A.M. Best commented that ILS managers use different strategies to improve results – “Some emphasize price increases, while others focus on improving deal structures as well as terms and conditions.”

ILS managers believe they can improve outcomes by moving to risk-based, rather than frequency-based agreements. This leads them to contracts in words to focus on the named risks only, writing more contracts at a time rather than total contracts.

“For aggregate deals, ILS managers are more inclined to include per-event caps that limit the amount any individual loss contributes to eroding the aggregate deduction. In some cases, per-event caps are set so that the aggregate facility is not breached even,” the report said. Three to four events occur.

AM Best believes that investors’ skepticism about disaster risk models may prevent them from using additional capital even as prices rise to attractive levels.

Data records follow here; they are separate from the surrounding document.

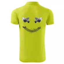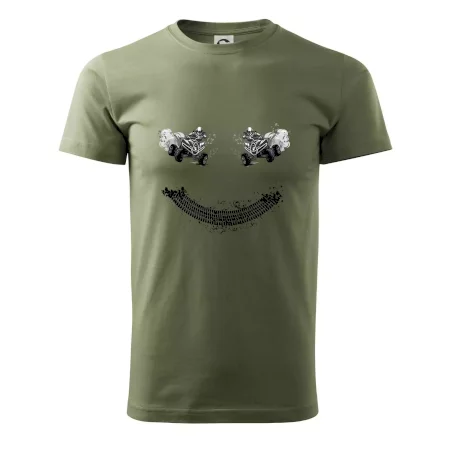 Tričko pre motoristov, na ktorom nie je len jedna off road štvorkolka, ale hneď dve, je skvelý darček pre motoristov. Stopa pneumatiky spolu so štvorkolkami tvoria smajlíka. Tričko so štvorkolkou by mal mať doma každý správny off-road motorista. Tričko so štvorkolkou je vhodný darček pre motoristu.
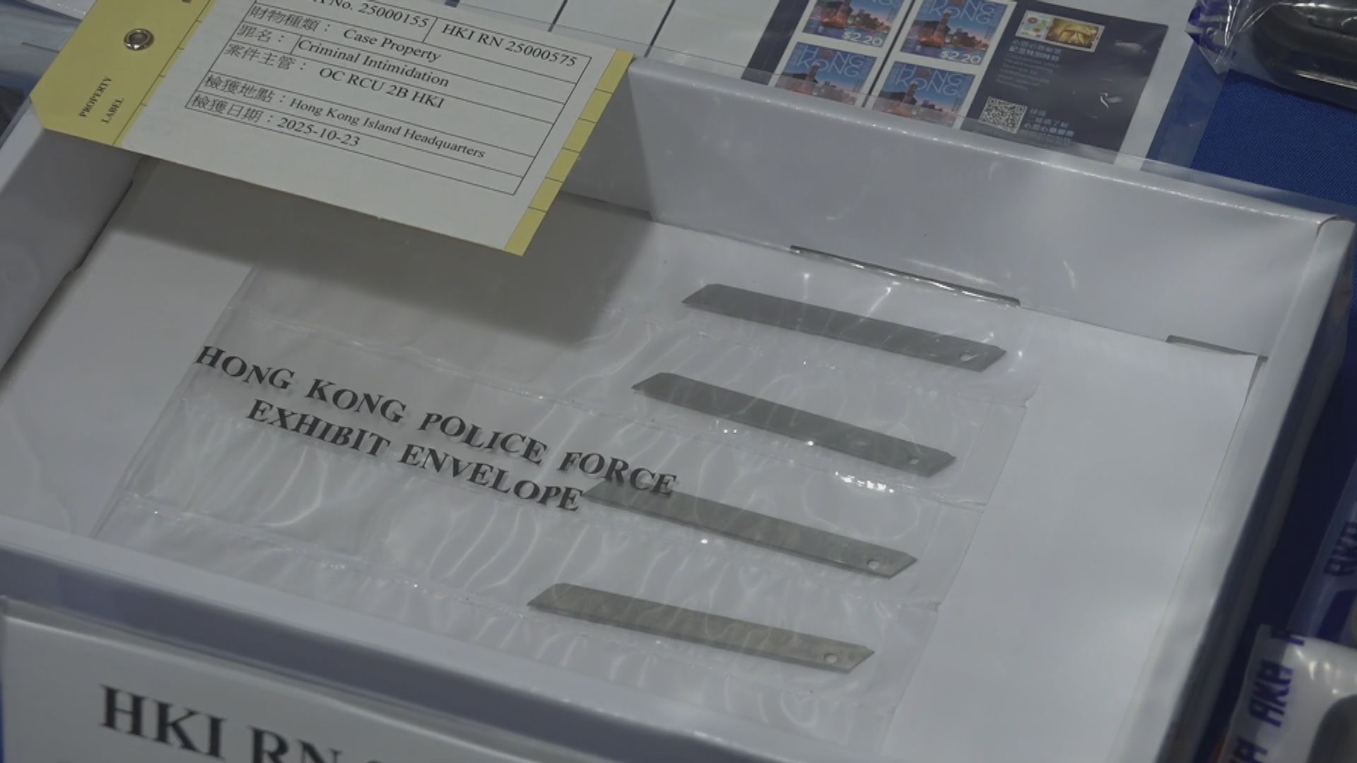 檢獲的證物包括刀片、手提電話及郵票等。警方指,由上周三起一周內收到多宗報案,有關3名內容創作者先後收到自稱「白卡聯盟」寄出帶有威嚇成分內容的信件,信內亦附有鎅刀及刀片,懷疑受害人因瑣事糾紛,與個別所謂聯盟人士結怨。
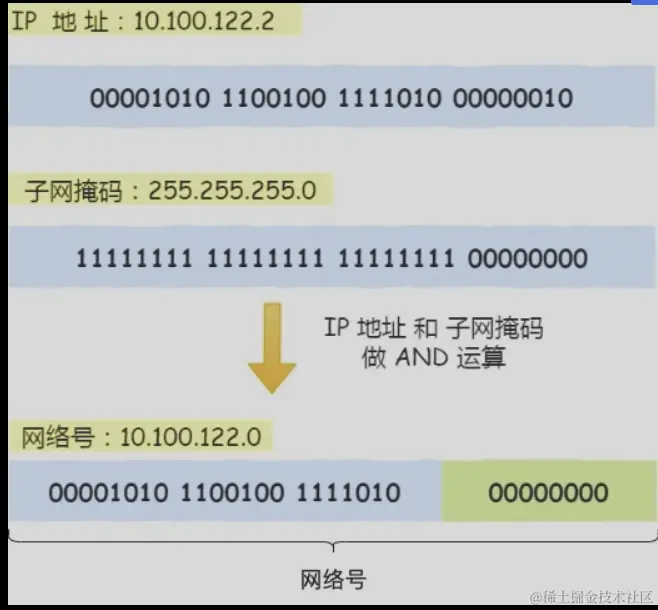 将子网掩码和 IP 地址按位计算 AND,就可得到网络号。

The rating agency noted that the first half saw cat losses from floods in Australia, windstorms in Europe, earthquakes in Japan and heat storms in the United States. But ILS directors believe that the underwriting tightening measures taken over the past year should mitigate the impact of these events on ILS investments.

ILS investors are also increasingly optimistic about avoiding losses from Winter Storm Uri in 2021, which caused industrial losses estimated at $15 billion.

More than 130 insurers are jointly suing the Texas Electrical Reliability Board and dozens of power-generating entities for grid failure, increasing confidence that successful litigation or settlement could significantly reduce insurers’ losses.

“Some market participants believe that if large recoveries result from this litigation, the aggregate contracts may ultimately not be related to the layers of coverage,” said AM Best.

ILS returns slightly negative in H1

The SRCM report highlighted that the broader financial markets in the first half weathered the volatility caused by high inflation, the Russian-Ukrainian war and interest rate fluctuations.

Despite these factors, ILS Markets performed relatively well during the first half of 2022 with only slightly negative year-to-date returns for the year and the third most active in the first half for new issues on record.

The Swiss Re Global Cat Bond Total Index showed year-to-date investor returns of -0.35 per cent, with negative yield driven by a difference in points as a result of the widening reinsurance market.

The SRCM said this indicates an improved outlook for returns in the coming years. “Excluding any major natural disasters that could cause major losses, we expect performance to recover strongly in the second half of the year,” the report said.